TASK TO COMPLETE: Beginning with the line containing "- Artistic Gold-Leaf" and going on through the line containing "Award for Exemplary", the lines below are to be returned exactly, pictures excluded and nothing added.
[[ EXCERPTED RECORDS, beginning ]]
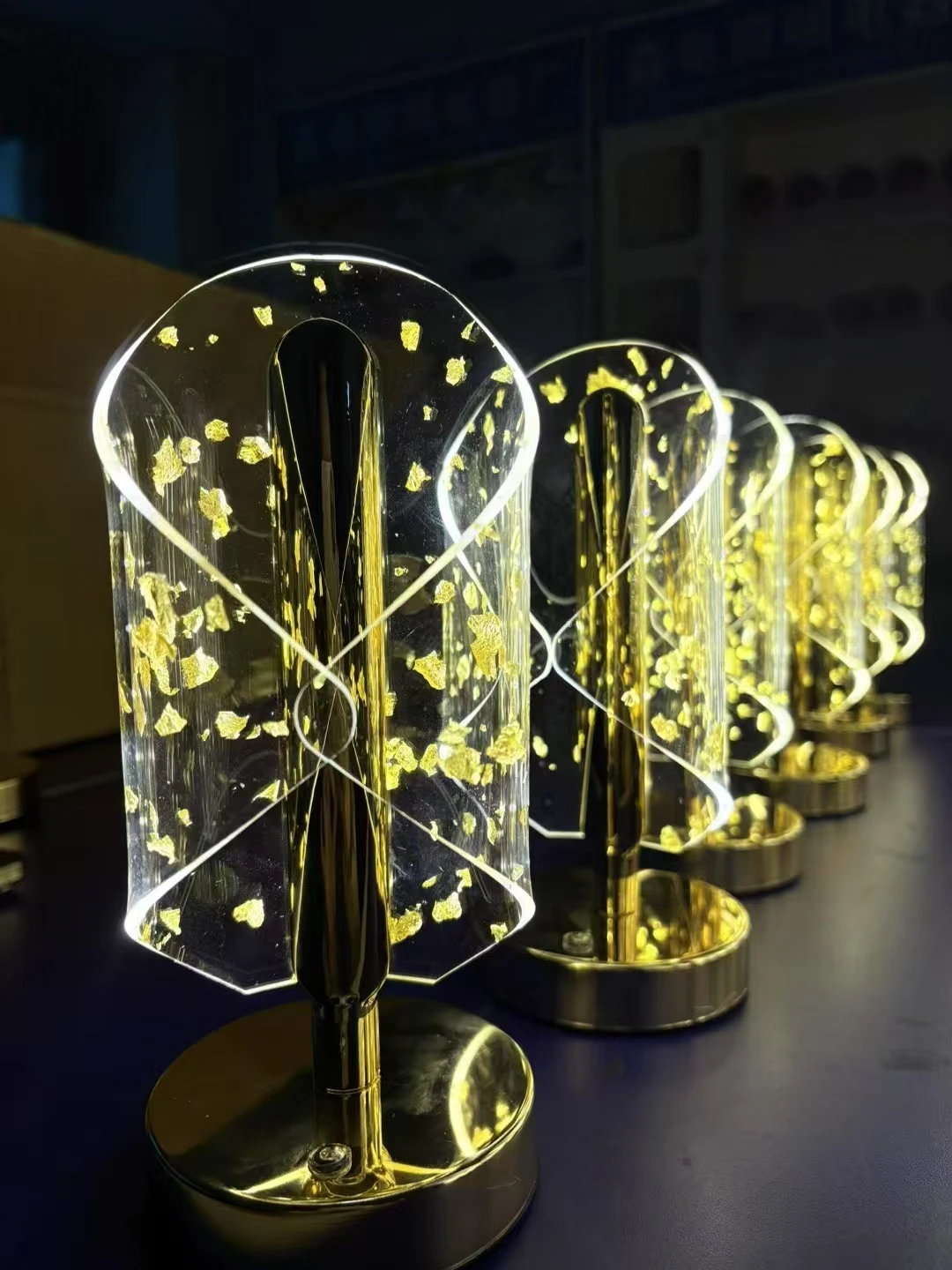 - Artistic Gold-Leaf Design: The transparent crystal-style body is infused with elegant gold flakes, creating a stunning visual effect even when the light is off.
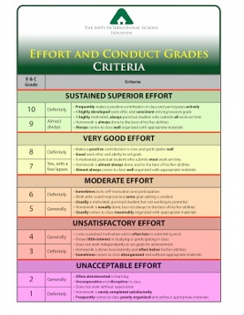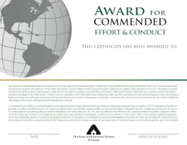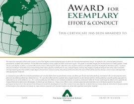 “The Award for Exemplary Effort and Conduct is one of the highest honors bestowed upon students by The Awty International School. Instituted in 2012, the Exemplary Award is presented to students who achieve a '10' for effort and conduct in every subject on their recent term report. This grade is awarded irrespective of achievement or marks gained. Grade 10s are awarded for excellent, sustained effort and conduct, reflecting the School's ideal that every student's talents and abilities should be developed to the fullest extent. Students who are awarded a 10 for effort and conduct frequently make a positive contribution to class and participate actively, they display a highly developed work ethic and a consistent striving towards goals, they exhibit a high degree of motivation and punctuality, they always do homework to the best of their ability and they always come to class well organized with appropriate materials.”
[[ EXCERPTED RECORDS, end ]]
[[ EXCERPTED RECORDS, beginning ]]
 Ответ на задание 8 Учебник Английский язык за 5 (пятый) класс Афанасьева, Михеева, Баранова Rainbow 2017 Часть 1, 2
[[ EXCERPTED RECORDS, end ]]
[[ EXCERPTED RECORDS, beginning ]]
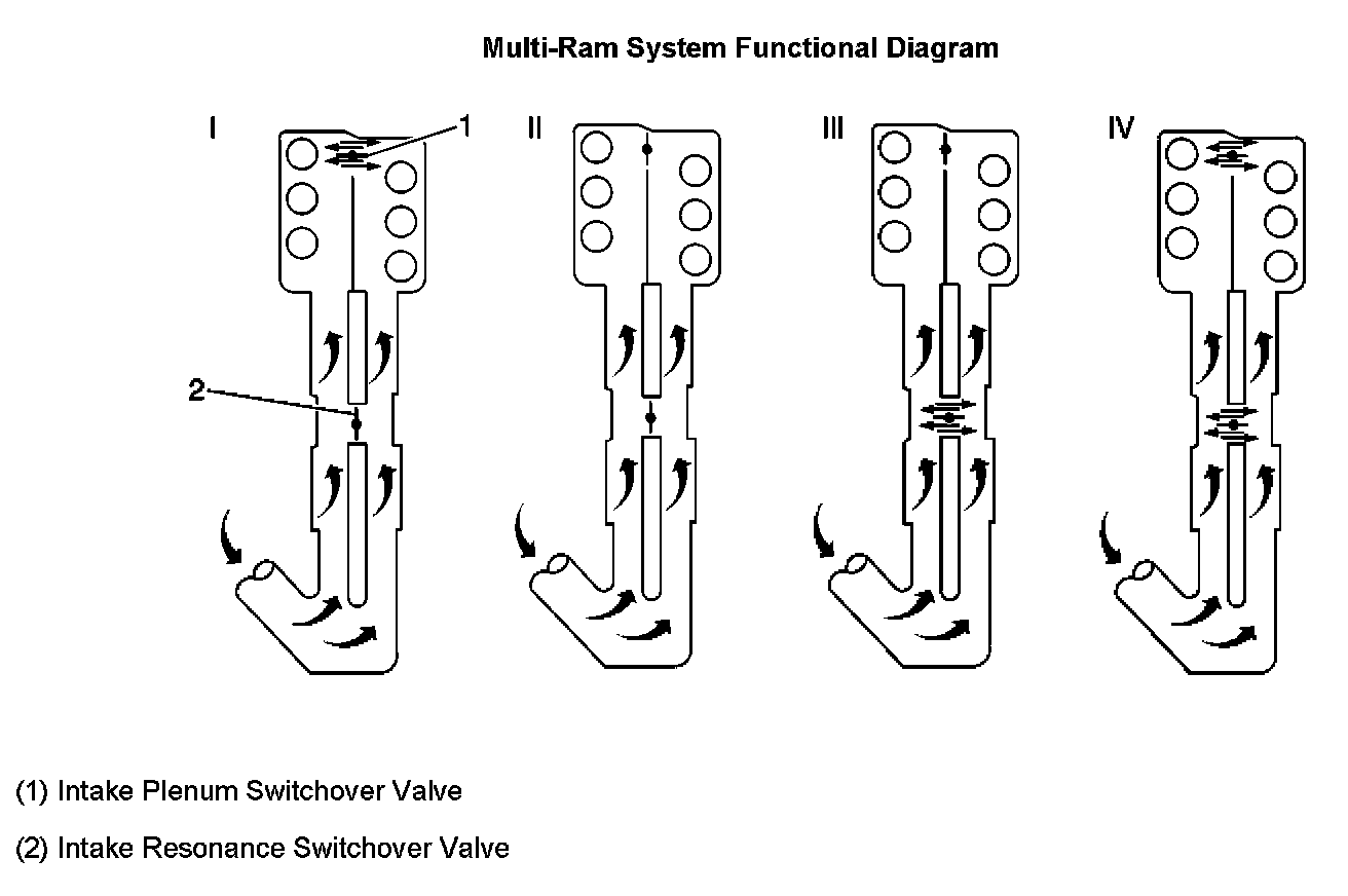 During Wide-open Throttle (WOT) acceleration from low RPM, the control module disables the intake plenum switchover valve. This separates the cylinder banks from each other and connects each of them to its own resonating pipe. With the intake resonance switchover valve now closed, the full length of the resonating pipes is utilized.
[[ EXCERPTED RECORDS, end ]]
ANSWER SECTION:
 - Artistic Gold-Leaf Design: The transparent crystal-style body is infused with elegant gold flakes, creating a stunning visual effect even when the light is off.
 “The Award for Exemplary Effort and Conduct is one of the highest honors bestowed upon students by The Awty International School. Instituted in 2012, the Exemplary Award is presented to students who achieve a '10' for effort and conduct in every subject on their recent term report. This grade is awarded irrespective of achievement or marks gained. Grade 10s are awarded for excellent, sustained effort and conduct, reflecting the School's ideal that every student's talents and abilities should be developed to the fullest extent. Students who are awarded a 10 for effort and conduct frequently make a positive contribution to class and participate actively, they display a highly developed work ethic and a consistent striving towards goals, they exhibit a high degree of motivation and punctuality, they always do homework to the best of their ability and they always come to class well organized with appropriate materials.”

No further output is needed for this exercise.